The answer should consist of each line below that contains the word "Ramirez".

══ Supplied data ══

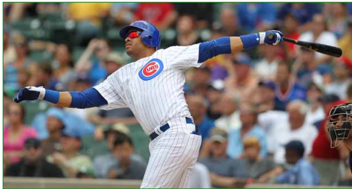
Aramis Ramirez, the Cubs' third basemen, will forgo the All Star Game this year.

The Arizona Republic reported today that 16 players pulled out of this year's game for various reasons. Derek Jeter apparently is too pooped to participate. The Cubs' Aramis Ramirez was asked to replace a player on the roster, but declined because
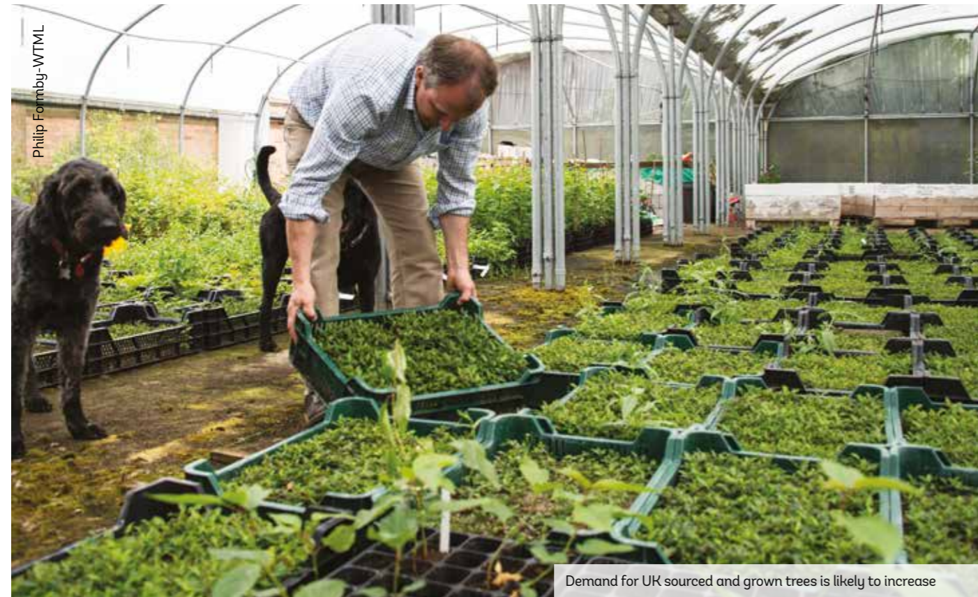
Demand for UK sourced and grown trees is likely to increase

═══

→ Response for this exercise
Aramis Ramirez, the Cubs' third basemen, will forgo the All Star Game this year.
The Arizona Republic reported today that 16 players pulled out of this year's game for various reasons. Derek Jeter apparently is too pooped to participate. The Cubs' Aramis Ramirez was asked to replace a player on the roster, but declined because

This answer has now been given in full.